Medtronic has received US FDA approval for use of the Valiant Captivia Thoracic Stent Graft System in the treatment of type B aortic dissections.
Supported by the results of the DISSECTION trial, the new indication provides physicians with a minimally invasive alternative to open surgical repair and medical therapy for the condition.
“Acute type B aortic dissection is a potentially life-threatening condition that historically has been treated with either medical therapy or, when necessary, through invasive surgical techniques,” explained Joseph Bavaria, professor of Surgery and director of the Thoracic Aortic Surgery Program, University of Pennsylvania, USA, and a national principal investigator for DISSECTION.
Bavaria presented the results of the trial at the 2014 annual meeting of the Society for Thoracic Surgery.
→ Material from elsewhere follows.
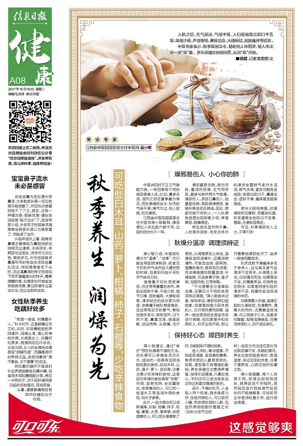 中医专家表示,秋季燥邪当令,易耗伤人体阴津,使人体出现一派“燥”象。养生保健应辨明体质,从润“燥”开始。

Twelve-month data from 50 patients evaluated in the trial demonstrate safety and efficacy of the Valiant Captivia System in the treatment of dissections, with excellent technical success.
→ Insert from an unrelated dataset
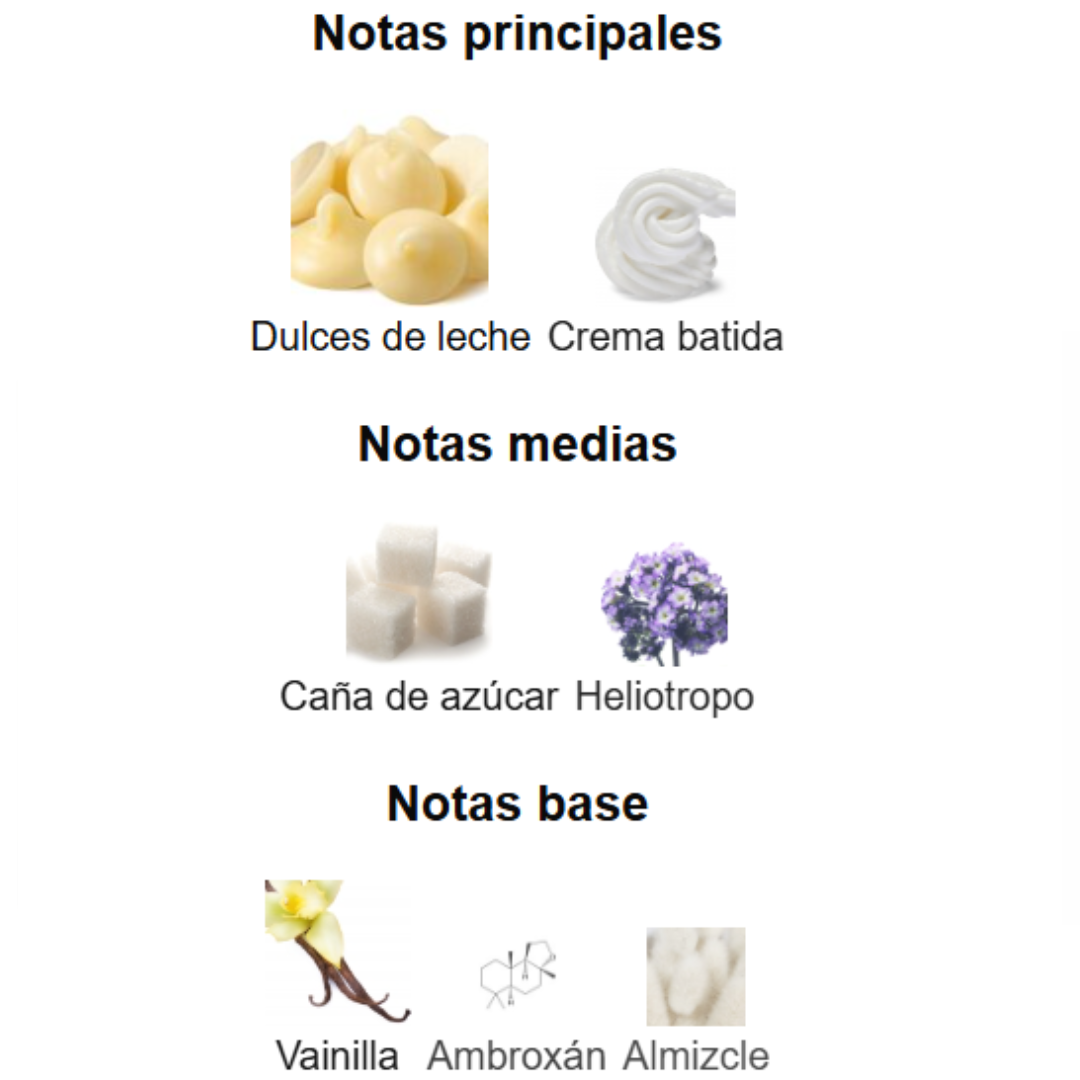 Notas de fondo Ambroxan, vainilla, almizcle.

Conducted at 16 US sites, the trial met its primary safety endpoint by achieving an 8% all-cause mortality rate at 30 days, which represents a three- to four-fold mortality improvement over open surgical repair. Additionally, 100% technical success and 100% coverage of the primary entry tear at implant were achieved in the trial.
Rodney White, chief of Vascular Surgery, Harbor-UCLA Medical Center, Torrrance, USA, added: “Data out to one year continue to show positive aortic remodelling of the stented segment, with a 100% increase in true lumen volume and no ruptures.”
Expansion in line of grafts
Medtronic recently expanded the size matrix of the Valiant Captivia Thoracic Stent Graft System with 11 new proximal FreeFlo tapered pieces, increasing configuration possibilities by 30% to address a wider range of patient anatomies. The line extension enables physicians to use the thoracic stent graft system in tapered aortas, which account for approximately 20% of all thoracic aortic aneurysm cases.The new pieces all taper by 4mm along their approximately 150mm length, and have proximal diameters that range from 26mm to 46mm. These additional system components received FDA approval, the CE mark and Health Canada approval in January, but their approved indications vary by geography.